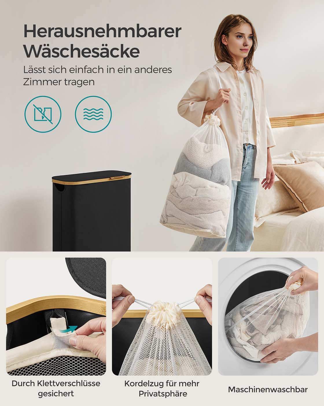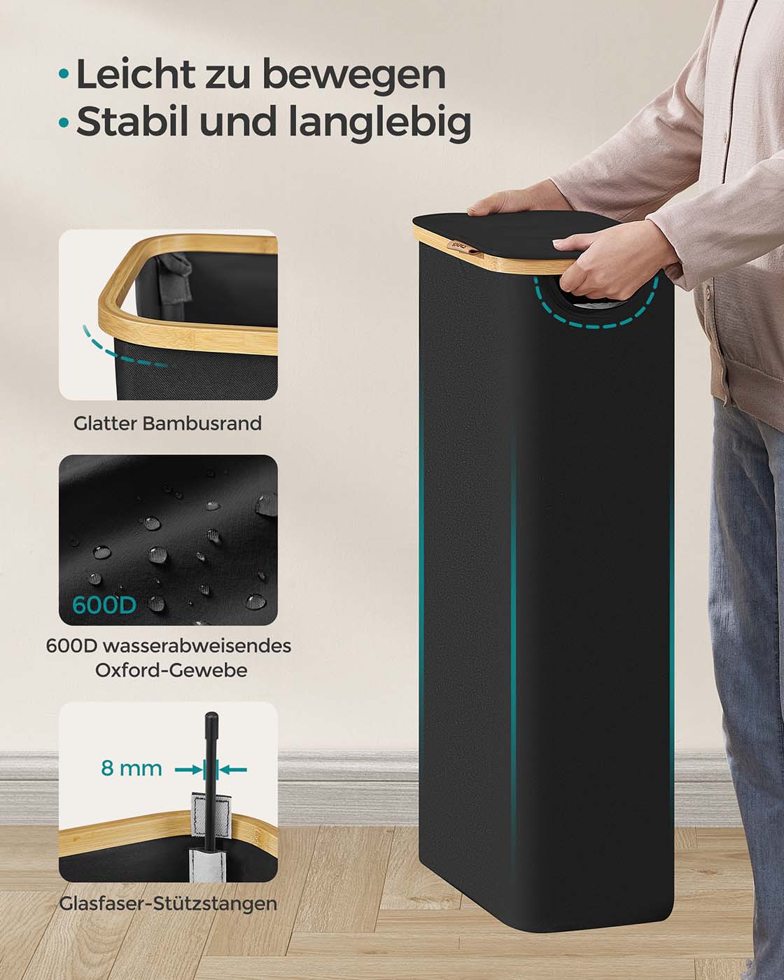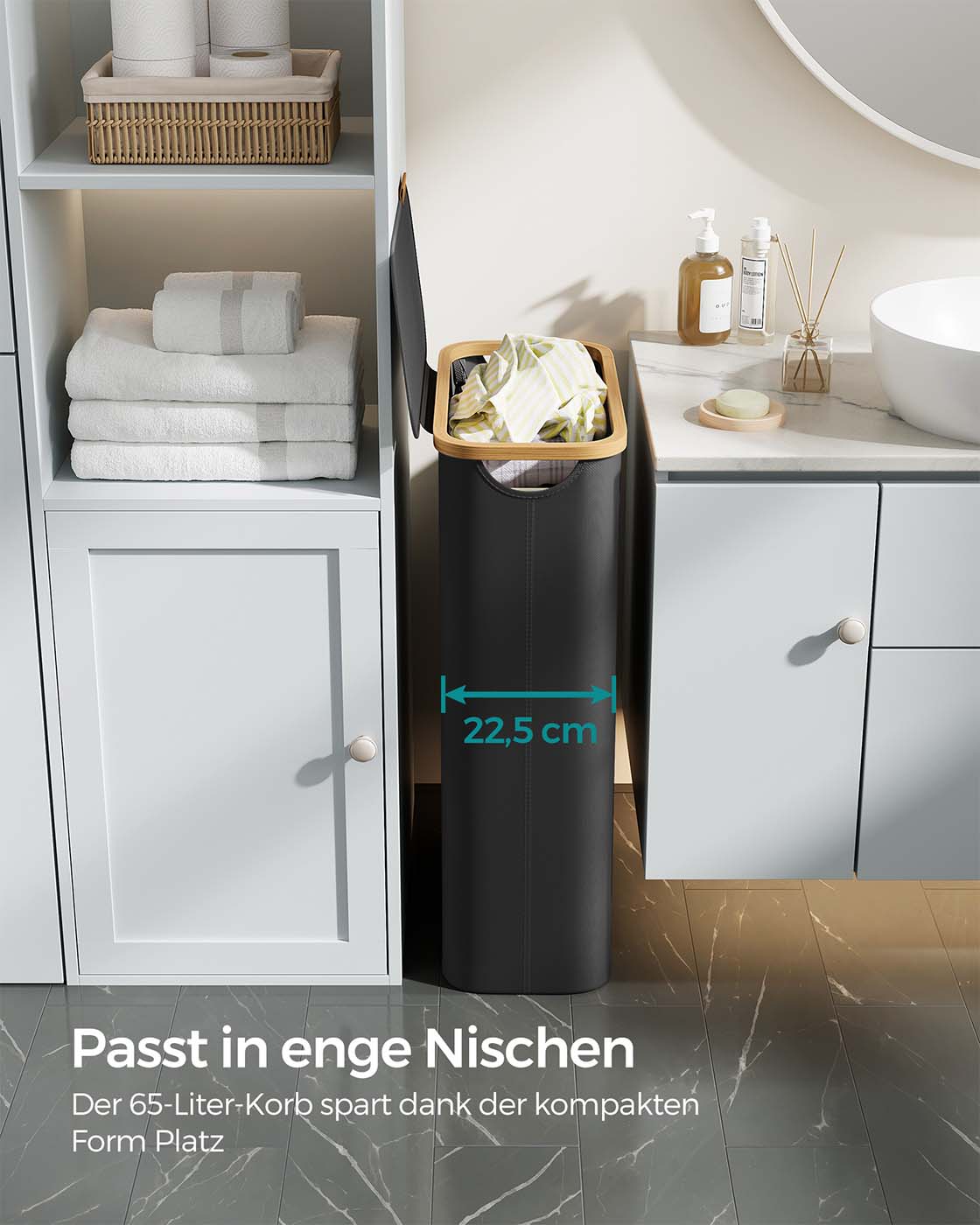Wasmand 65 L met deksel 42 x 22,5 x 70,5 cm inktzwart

==

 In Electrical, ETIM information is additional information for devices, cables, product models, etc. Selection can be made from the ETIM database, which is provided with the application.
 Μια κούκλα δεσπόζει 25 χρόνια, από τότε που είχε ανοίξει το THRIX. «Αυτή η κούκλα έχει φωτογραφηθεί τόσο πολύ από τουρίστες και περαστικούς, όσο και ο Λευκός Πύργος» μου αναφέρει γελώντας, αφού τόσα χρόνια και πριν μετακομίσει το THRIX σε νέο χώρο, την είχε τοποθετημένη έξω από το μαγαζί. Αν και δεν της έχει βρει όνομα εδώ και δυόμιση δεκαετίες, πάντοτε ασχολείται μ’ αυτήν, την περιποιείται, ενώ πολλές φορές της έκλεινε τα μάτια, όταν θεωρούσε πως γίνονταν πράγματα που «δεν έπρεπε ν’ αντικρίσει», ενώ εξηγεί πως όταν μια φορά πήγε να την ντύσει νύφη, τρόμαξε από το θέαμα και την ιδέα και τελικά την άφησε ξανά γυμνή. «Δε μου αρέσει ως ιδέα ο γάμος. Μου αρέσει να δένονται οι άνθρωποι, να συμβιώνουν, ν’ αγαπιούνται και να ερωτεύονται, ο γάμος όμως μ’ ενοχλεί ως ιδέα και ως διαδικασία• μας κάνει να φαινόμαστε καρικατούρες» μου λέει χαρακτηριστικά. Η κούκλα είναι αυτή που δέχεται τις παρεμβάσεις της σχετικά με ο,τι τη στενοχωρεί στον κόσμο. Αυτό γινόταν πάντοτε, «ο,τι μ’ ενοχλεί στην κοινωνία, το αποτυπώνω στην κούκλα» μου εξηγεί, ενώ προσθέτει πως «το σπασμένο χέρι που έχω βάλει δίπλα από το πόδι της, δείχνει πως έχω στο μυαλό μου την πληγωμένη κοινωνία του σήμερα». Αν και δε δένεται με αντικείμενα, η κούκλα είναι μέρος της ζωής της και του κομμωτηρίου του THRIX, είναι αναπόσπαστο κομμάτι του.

...

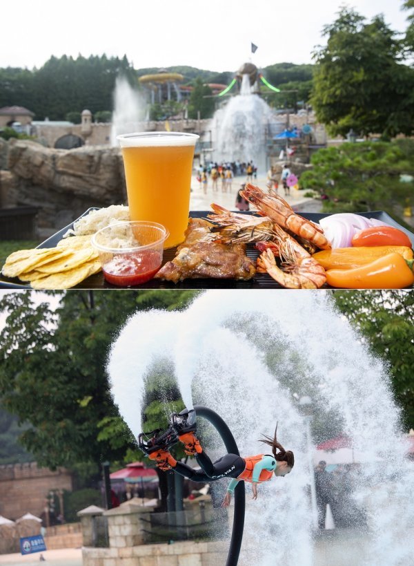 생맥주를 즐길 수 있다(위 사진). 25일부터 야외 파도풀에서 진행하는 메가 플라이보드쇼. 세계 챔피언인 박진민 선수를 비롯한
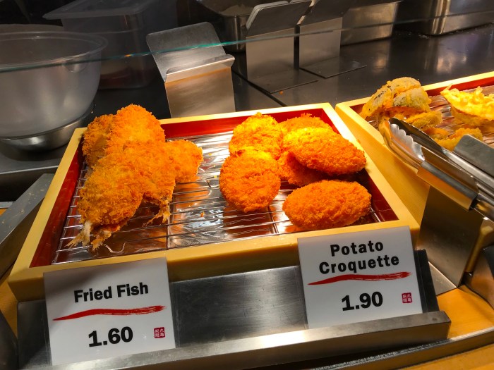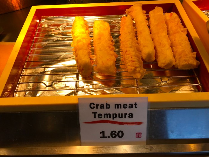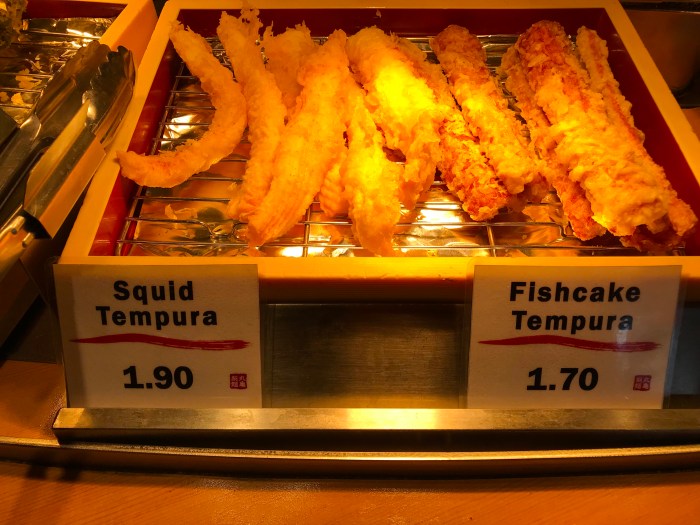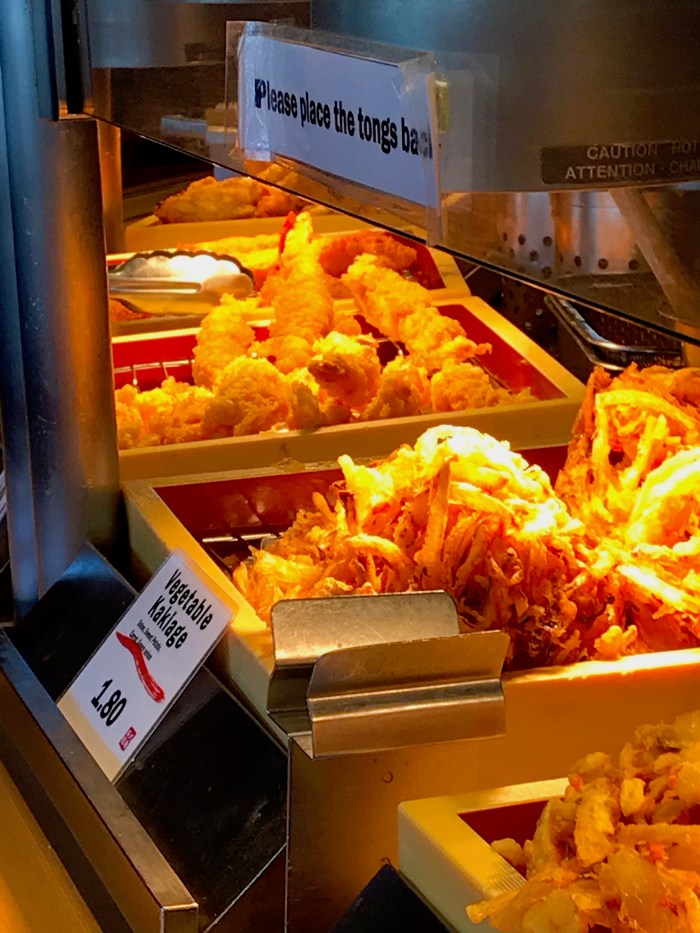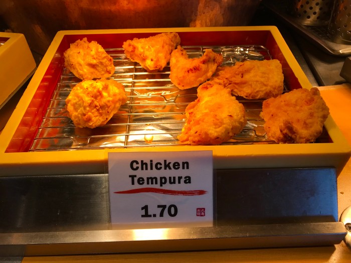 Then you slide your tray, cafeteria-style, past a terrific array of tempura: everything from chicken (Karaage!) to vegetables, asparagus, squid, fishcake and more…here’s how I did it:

Problem details >> Return the lines above from the one with "생맥주를 즐길 수 있다(위" through the one with "Then you slide", verbatim and nothing else. Omit every picture.

Your solution >>
 생맥주를 즐길 수 있다(위 사진). 25일부터 야외 파도풀에서 진행하는 메가 플라이보드쇼. 세계 챔피언인 박진민 선수를 비롯한
 Then you slide your tray, cafeteria-style, past a terrific array of tempura: everything from chicken (Karaage!) to vegetables, asparagus, squid, fishcake and more…here’s how I did it:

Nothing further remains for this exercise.